Input data -

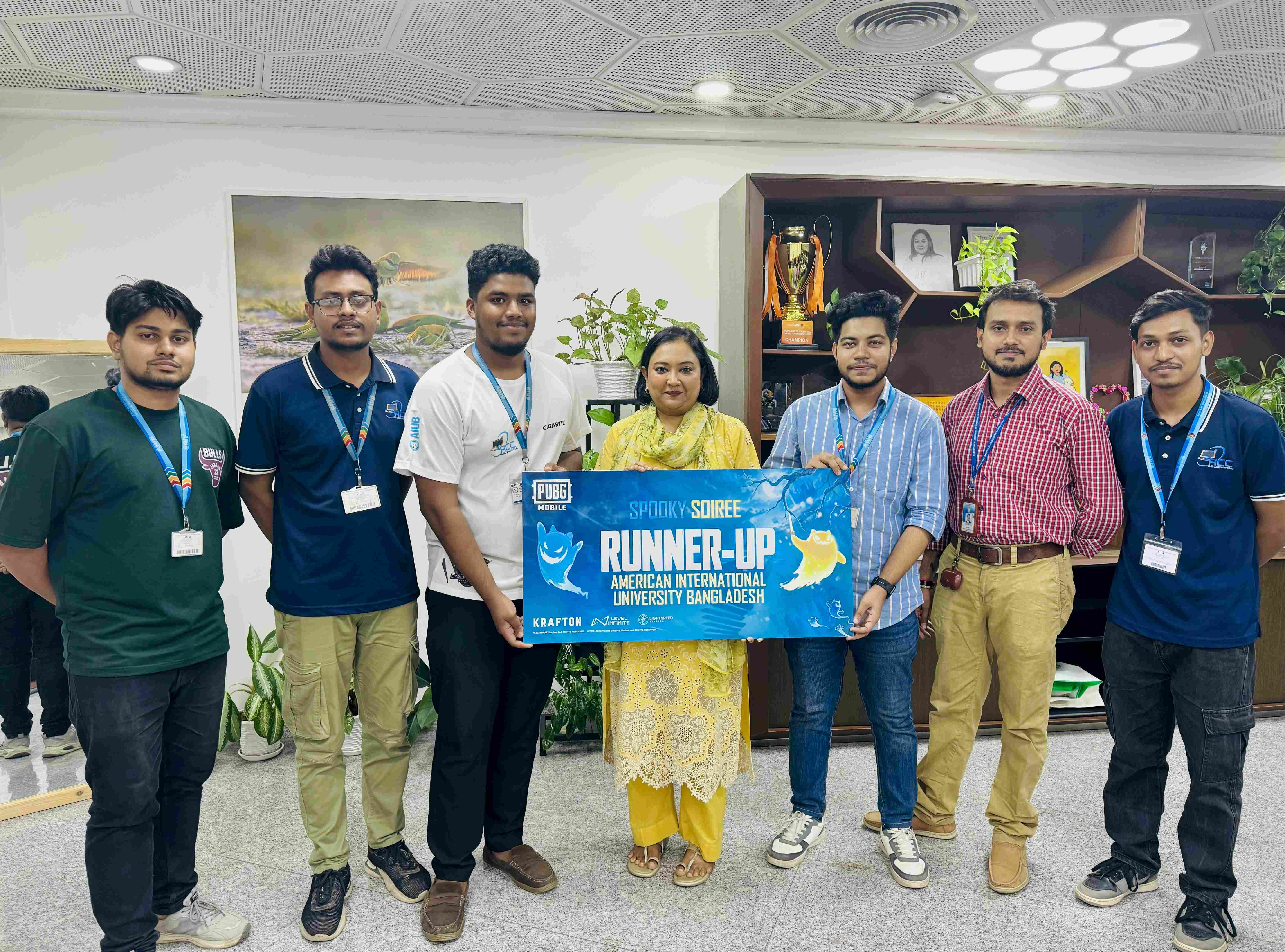 American International University Bangladesh (AIUB) proudly achieved the 1st Runner-Up position in the PUBG MOBILE Spooky Soiree: Campus Jam event. The position was secured by competing against the top five universities in Bangladesh, showcasing the skill, teamwork and rising esports talent of AIUB students.
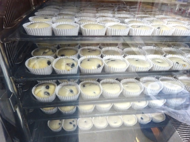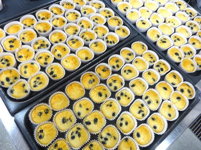新献立のみやこ焼きは、米粉を使った手作りのデザートです。米粉・ベーキングパウダー・三温糖・水・しょうゆ・サラダ油をなめらかになるまで混ぜます。一つずつカップに入れ、黒豆をのせて、スチームコンベクションオーブンで焼きました。心をこめて調理員さんが作りました。
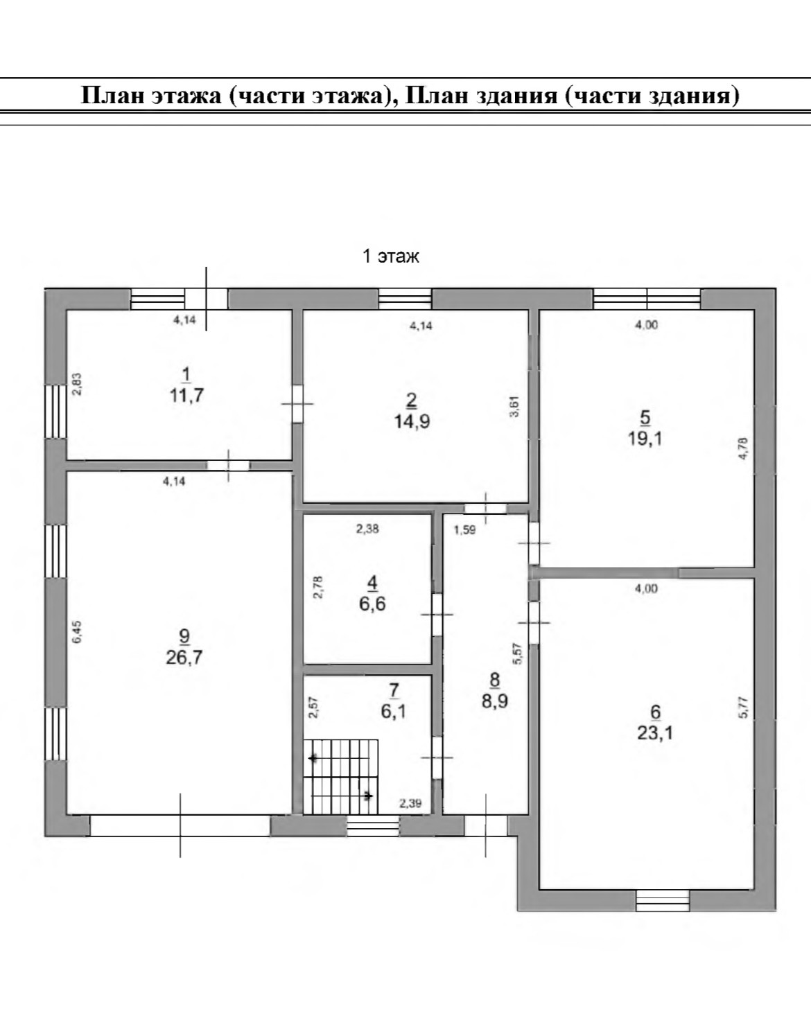 ПЛАНИРОВКА: На первом этаже прихожая, погреб, кухня 14,9 кв.м., жилая комната 19 кв.м., жилая комната 23 кв.м., гараж 26 кв.м., сан. узел 6,6 кв.м, котельная-11,7 кв.м. с выходом на террасу.
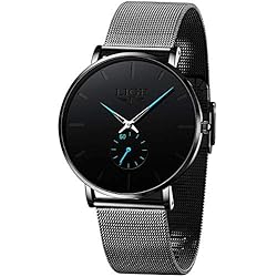 LIGE Relojes para Hombre Impermeable Moda Analógica Simple Quart Slim Relojes Minimalistas para Hombres Vestido Deportivo Reloj de Pulsera Informal con Banda de Acero Inoxidable Negro

Assigned task - Your task is to repeat exactly the lines from the one containing "新献立のみやこ焼きは、米粉を" through the end of the material, both included, and only those, without pictures.

Solved exercise -
新献立のみやこ焼きは、米粉を使った手作りのデザートです。米粉・ベーキングパウダー・三温糖・水・しょうゆ・サラダ油をなめらかになるまで混ぜます。一つずつカップに入れ、黒豆をのせて、スチームコンベクションオーブンで焼きました。心をこめて調理員さんが作りました。
 ПЛАНИРОВКА: На первом этаже прихожая, погреб, кухня 14,9 кв.м., жилая комната 19 кв.м., жилая комната 23 кв.м., гараж 26 кв.м., сан. узел 6,6 кв.м, котельная-11,7 кв.м. с выходом на террасу.
 LIGE Relojes para Hombre Impermeable Moda Analógica Simple Quart Slim Relojes Minimalistas para Hombres Vestido Deportivo Reloj de Pulsera Informal con Banda de Acero Inoxidable Negro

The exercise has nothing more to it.